No me gusta. Ya no aguanto más. Tengo derecho. Me lo he ganado. Siempre me hacen la misma. Ya está bien. Si me hicieran caso…

Y así podemos seguir durante un buen rato. Porque hay a quienes nos va la queja. Que no es una cosa buena, pero oye, como que da gustito. Y uno sabe que la cosa terminará mal, que la queja suele deslizarse por una pendiente resbaladiza –no la de la falacia, sino una bien concretita y real–, y se parece a esa cena ansiosa que te metes entre pecho y espalda al llegar a casa después de un día largo y complicado. Sabes que luego en la cama te arrepentirás, pero continúas tragando como un pato francés. E igualmente sucede con la queja: sabes que terminarás amargándote más y siendo injusto con la realidad, incluso haciendo daño a alguien. Y, con todo, le damos rienda suelta. Que ya llegará el momento de parar, arrepentirse y cambiar de actitud.

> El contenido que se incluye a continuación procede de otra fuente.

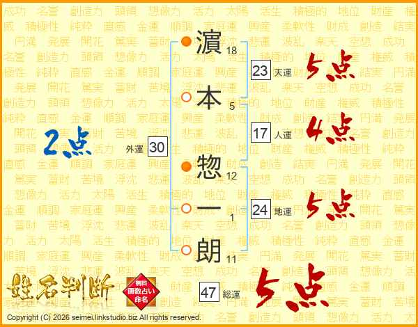 濵本惣一朗さんの総運は47画の5点!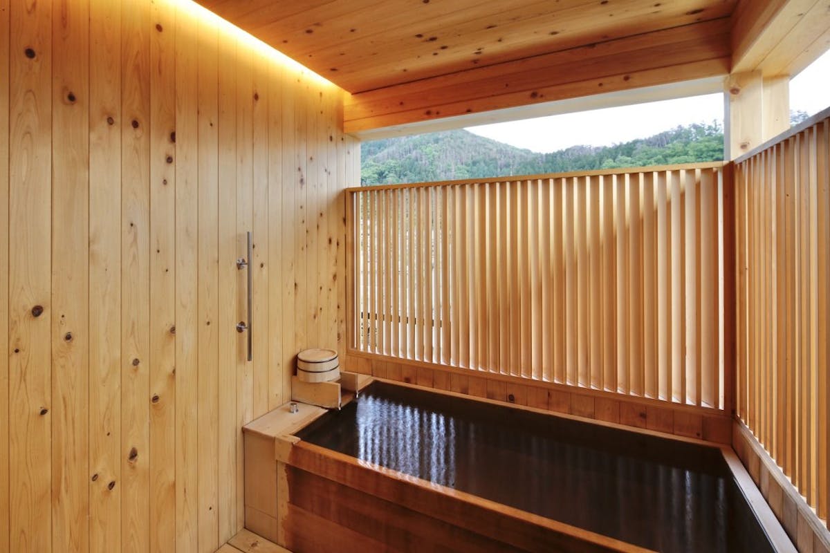 「双泉の宿 朱白」は、絶景をたのしめる大浴場・展望露天風呂があり、また貸切の露天風呂もあります。

En todo esto andaba yo pensando el otro día cuando, a la búsqueda de mi siguiente libro, leí aquel título sobre uno de los lomos apilados en la estantería: “La cultura de la queja”. Y como ando con eso de cerrar el curso y examinarlo con vistas al próximo, mi conciencia dijo: “este pa ti”.

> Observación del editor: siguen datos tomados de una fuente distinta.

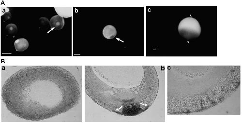 the Vg1 probe. (a) Stage 1 oocytes. The arrow points to the mitochondrial

Seguí pensando, ahí quieto frente al libro, en que normalmente lo que nos saca de una espiral de queja es el tirón de orejas que algún amigo, compañero o familiar nos da. O Dios. Tirón que nos hace caer en la cuenta de algo por lo que dar gracias; agradecimiento que, cuando lo reconocemos, nos hace ver con una nueva luz todo aquello de lo que nos quejábamos. Y no era para tanto, nunca lo es. Cómo cambia la cosa cuando uno empieza por dar gracias y luego ve las cosillas que se pueden mejorar. Viejo zorro Ignacio con su examen.

Así que, para el próximo curso, espero ahorrar a los otros la tarea. Me bastaré yo mismo para darme esos tirones. Y Él, claro. Lo dicho, el próximo curso, me propongo quejarme menos y comenzar antes por ser agradecido.